An in vitro model of central nervous system infections and regeneration: neuronal stem cells as regenerative therapies in bacterial meningitis

Bacterial meningitis is a devastating disease with high mortality rates of up to 25% leading to life-long disabilities in up to 50% of the survivors. Brain injury caused by bacterial meningitis prominently affects the cortex and hippocampus a brain region involved in learning and memory function. In experimental bacterial meningitis hippocampal injury is characterized by apoptotic cell death of neuronal stem cells and/or their progeny in the subgranular zone of the dentate gyrus, which is responsible for neurogenesis, and therefore potentially well equipped for brain repair.

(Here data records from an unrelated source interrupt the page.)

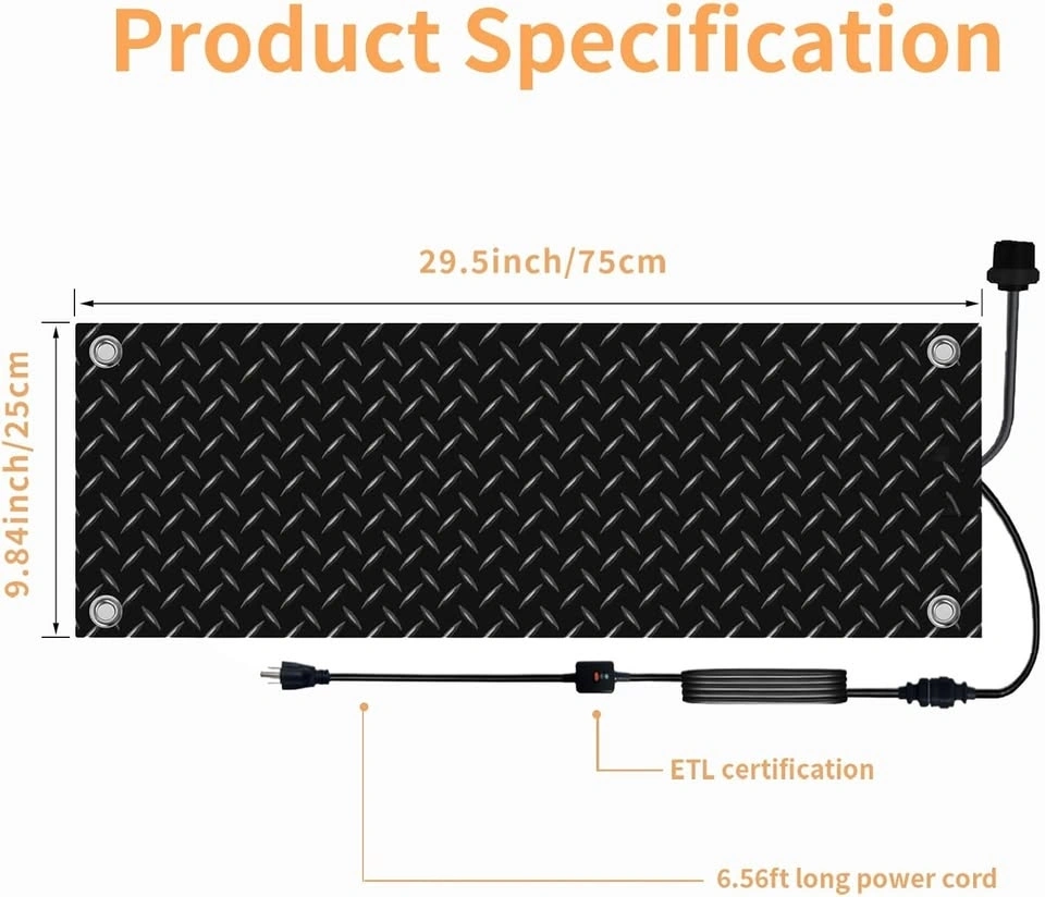 New! Anti-Slip Heated Walkway Mat with Power Cord (9.8" x 29.5")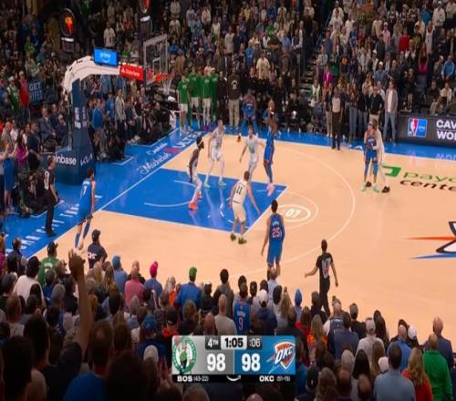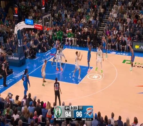 本場第三節(jié),雷霆幾乎全程落后,直至第四節(jié)剩下5分鐘前,雷霆依然以93-94落后凱爾特人1分,隨后亞歷山大接管了比賽: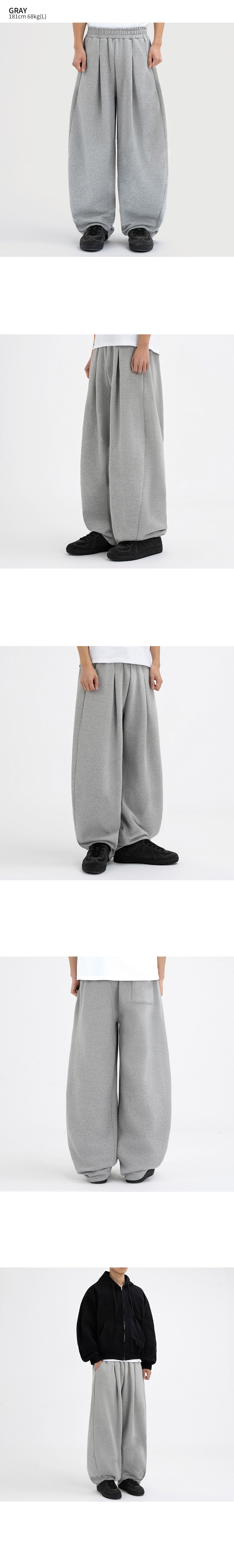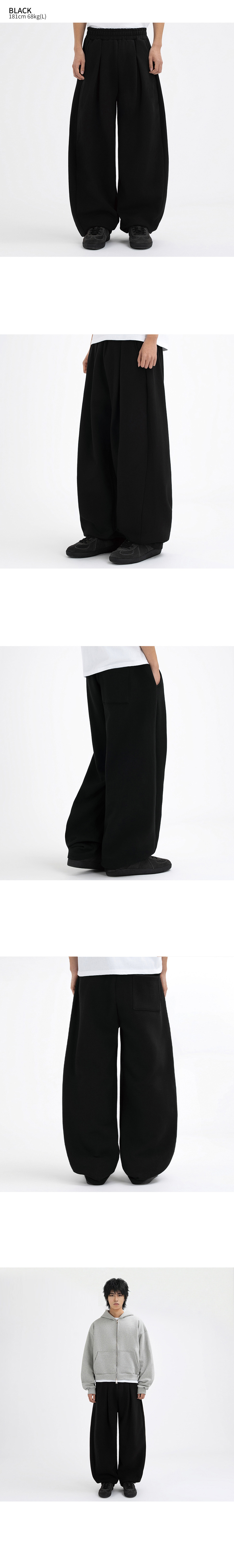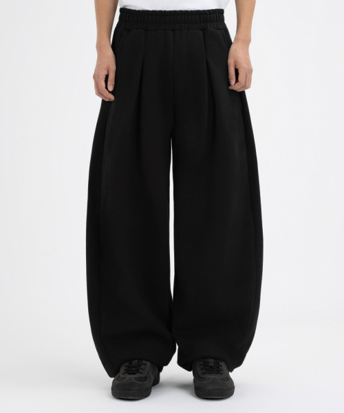 커브드 사이드 핀턱 벌룬 스웨트팬츠 GLP-650_블랙

Multipotency and the capacity for continuous self-renewal of embryonic stem cells make them attractive candidates for cell-replacement studies. We are systematically developing an in vitro system to study brain regeneration in bacterial meningitis.

Here we used a co-culture model of long-term hippocampal slice cultures from postnatal rats (P4–5) and embryonic stem/progenitor cells from the subventricular zone (E14–17) to evaluate the potential of transplanted cells to survive and to integrate into organotypic hippocampal slice cultures for therapeutic approaches. To this end, we grafted chemically labelled embryonic-derived stem/progenitor cells into organotypic hippocampal slices in the region of the dentate gyrus. Cells were allowed to grow in such co-culture conditions with the addition of epidermal (EGF) and basic fibroblast growth factor (bFGF). The survival and integration of grafted cells was examined on cryosections of organotypic slice cultures by using immunohistochemistry.

Sections showed movement and neurite outgrowth of subventricular cells into the dentate gyrus at day 7 after engraftment. In the presence of bFGF and EGF embryonic derived stem/progenitor cells were able to differentiate and to mature into neurons.

In conclusion, we demonstrated that embryonic derived stem/progenitor cells are well suited for subsequent migration, proliferation, differentiation and integration into organotypic slice cultures in vitro and may thus hold promise for regenerative therapies in patients after bacterial meningitis.